START ENTRIES PROVIDED

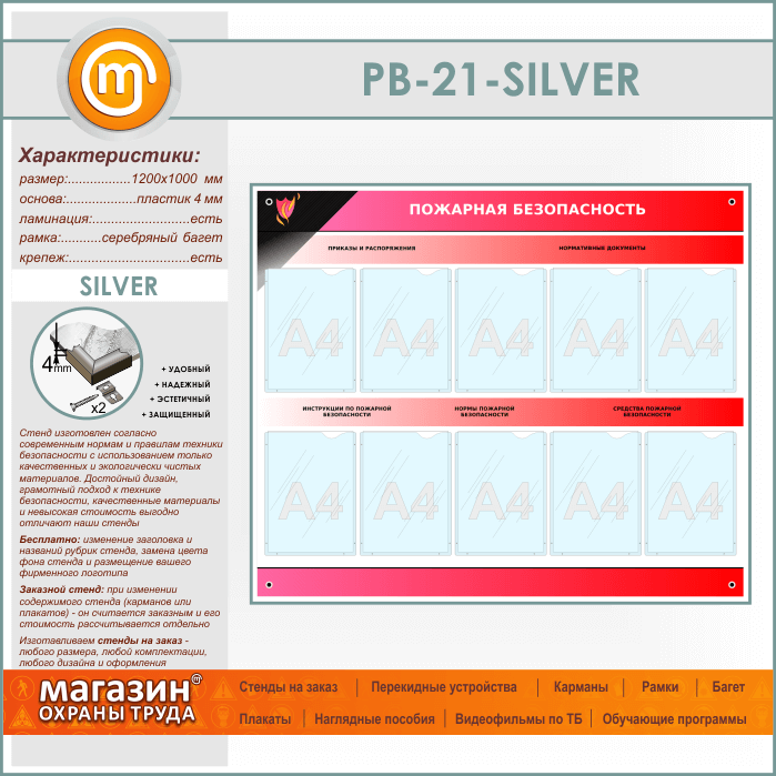 Стенд «Пожарная безопасность» с 10 карманами (PB-21-SILVER) в Краснодаре купить
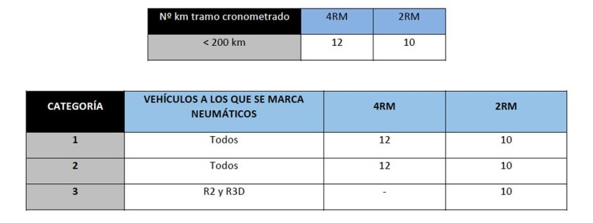 Tras reunión de la Junta de Gobierno, el Presidente decidió elevar a consulta de la Asamblea una nueva redacción en los siguientes términos: «En las pruebas de rango Federación Canaria de Automovilismo, en materia de neumáticos, se estará a lo dispuesto en el Reglamento Deportivo del CERA de la RFEDA, artículo 21 en su totalidad, a excepción del número máximo de neumáticos de cualquier tipo (seco, mixto o o a agua) a utilizar por rallye y tipo de vehículo será el aprobado el pasado mes de febrero». Es decir, 12 neumáticos para los cuatro ruedas motrices y 10 para los de propulsión o tracción.
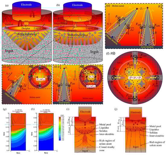 Schematic diagram of the mechanism of different remelting processes: (a) ESR; (b) MC-ESR. The effect of ASMF on different materials during the remelting process: (c) oblique dendrites; (d) axial dendrites; (e) molten pool; (f) top view []. Molten pool profiles during different remelting processes: (g) ESR; (h) ESR-CDS. Schematic diagram of solidification behavior during different remelting processes: (i) ESR; (j) ESR-CDS [].
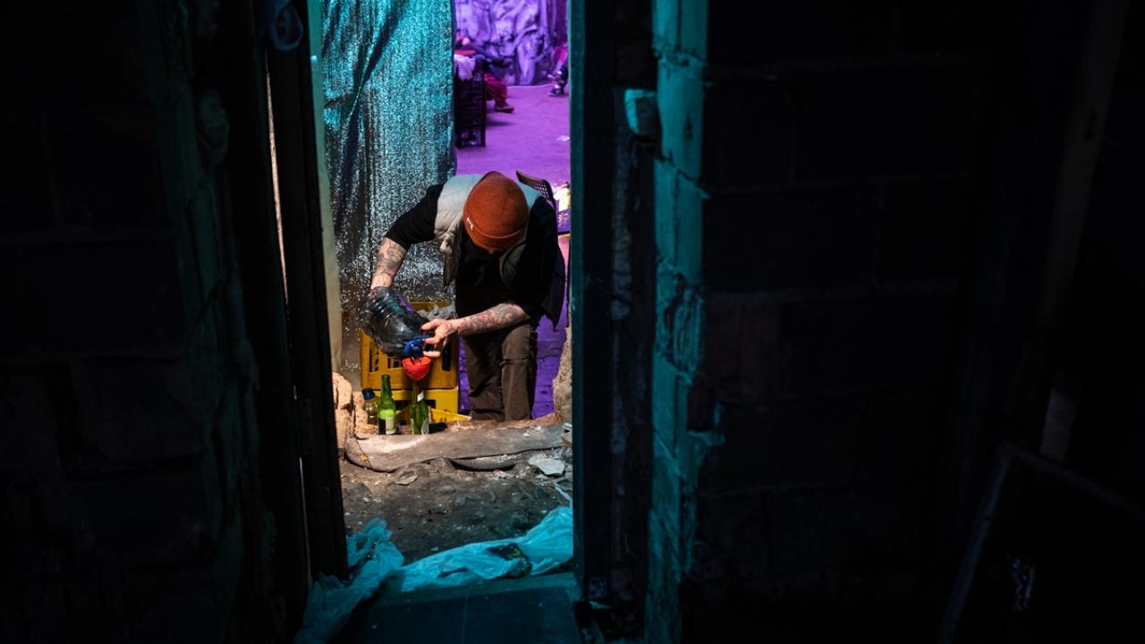 Başkent Kiev’deki bir gece kulübünde kendi imkanlarıyla bir araya gelen siviller molotof kokteyli hazırlıyor.
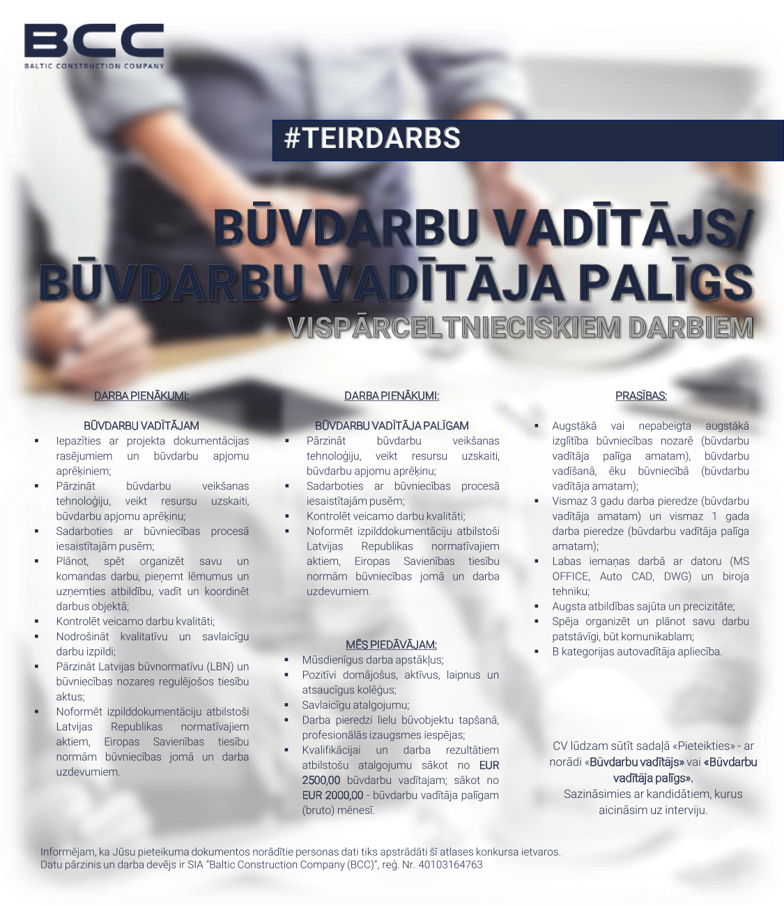 Additional information: kvalifikācijai un darba rezultātiem atbilstošs atalgojumu sākot no EUR 2500,00 būvdarbu vadītajam; sākot no EUR 2000,00 - būvdarbu vadītāja palīgam (bruto) mēnesī.
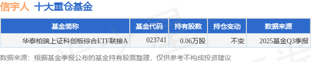 根据2025基金Q3季报公募基金重仓股数据,重仓该股的公募基金共1家,其中持有数量最多的公募基金为华泰柏瑞基金的华泰柏瑞上证科创板综合ETF联接A。华泰柏瑞上证科创板综合ETF联接A目前规模为0.4亿元,最新净值1.3603(11月11日),较上一交易日下跌0.65%。该公募基金现任基金经理为谭弘翔。谭弘翔在任的基金产品包括:华泰柏瑞中证智能汽车主题ETF,管理时间为2021年3月10日至今,期间收益率为38.01%;华泰柏瑞中证稀土产业ETF,管理时间为2021年3月10日至今,期间收益率为90.09%;华泰柏瑞中证企业核心竞争力50ETF,管理时间为2021年6月17日至今,期间收益率为-16.99%;华泰柏瑞中证稀土产业ETF发起式联接A,管理时间为2021年12月14日至今,期间收益率为19.72%。
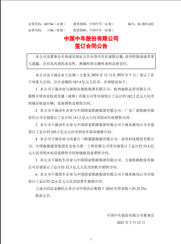 5月12日,中国中车股份有限公司(简称中国中车)公告称,公司及下属企业于近期(主要为2024年12月至2025年5月)签订了若干项重大合同,合计金额约547.4亿元人民币。
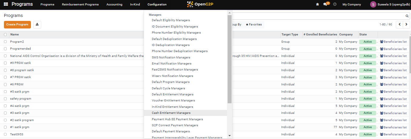 2. Click the ***Configuration*** in the menu bar and then select ***Cash Entitlement Managers***.
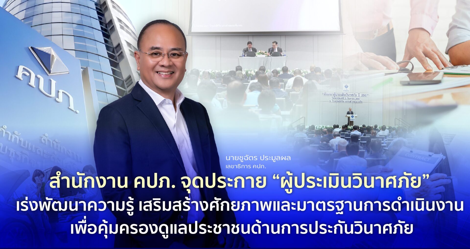 นายชูฉัตร ประมูลผล เลขาธิการคณะกรรมการกำกับและส่งเสริมการประกอบธุรกิจประกันภัย (เลขาธิการ คปภ.) เป็นประธานเปิด “งานสัมมนาผู้ประเมินวินาศภัย ปี 2567” เพื่อสร้างความรู้ความเข้าใจเกี่ยวกับกฎหมายคุ้มครองข้อมูลส่วนบุคคลของผู้ประเมินวินาศภัย การให้บริการออกใบอนุญาตผู้ประเมินวินาศภัยทางอิเล็กทรอนิกส์(e-licensing) การสร้างความเข้าใจในการปฏิบัติตามกฎหมายและกฎระเบียบที่เกี่ยวข้องกับการดำเนินงานของผู้ประเมินวินาศภัย รวมถึงภาพรวม แนวโน้ม และสถิติการประเมินวินาศภัยในปัจจุบัน
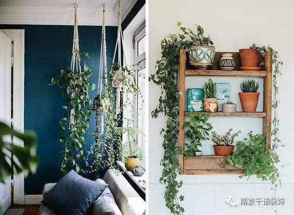 無論是想打造草木綠還是暗云杉綠家居風格,綠植都是可以起到畫龍點睛般驚艷效果的單品。對于我們來說,霧霾橫行的當下真是很有必要在屋內找些能凈化空氣的幫手。常春藤、綠蘿一類的藤蔓植物都是凈化的好手。當然單純從裝飾的角度講,藤蔓的可塑性也是很強的,既可以擺放在桌上,也可以吊掛,再或者組合柵欄、格子架裝飾都非常好看。
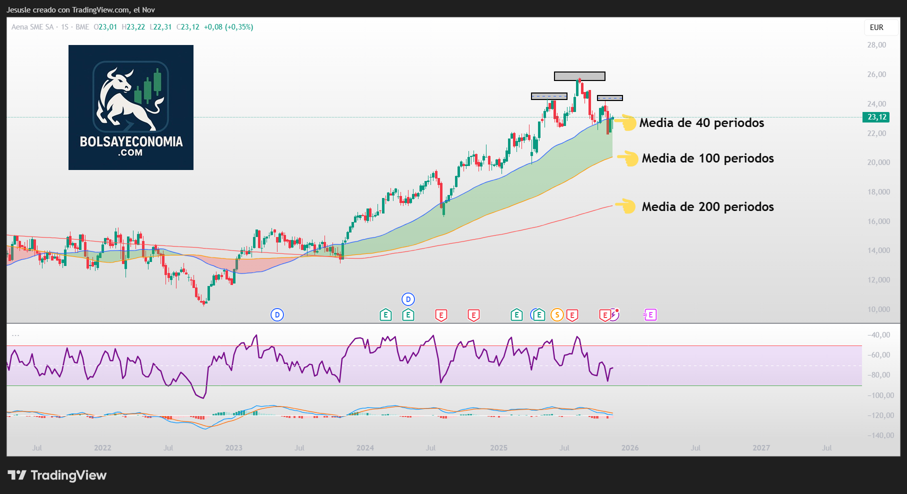 De momento, las medias de 100 y 200 periodos no cambian de situación y siguen por debajo de la cotización de Aena, dejando alcista la tendencia de medio y largo plazo en estos instantes.

END ENTRIES PROVIDED

WHAT YOU ARE ASKED TO DO: Please write out exactly, and only, the lines from the beginning of the entries through the line containing "Tras reunión de", including both and skipping all pictures.

SOLUTION FOR THIS PROBLEM:
 Стенд «Пожарная безопасность» с 10 карманами (PB-21-SILVER) в Краснодаре купить
 Tras reunión de la Junta de Gobierno, el Presidente decidió elevar a consulta de la Asamblea una nueva redacción en los siguientes términos: «En las pruebas de rango Federación Canaria de Automovilismo, en materia de neumáticos, se estará a lo dispuesto en el Reglamento Deportivo del CERA de la RFEDA, artículo 21 en su totalidad, a excepción del número máximo de neumáticos de cualquier tipo (seco, mixto o o a agua) a utilizar por rallye y tipo de vehículo será el aprobado el pasado mes de febrero». Es decir, 12 neumáticos para los cuatro ruedas motrices y 10 para los de propulsión o tracción.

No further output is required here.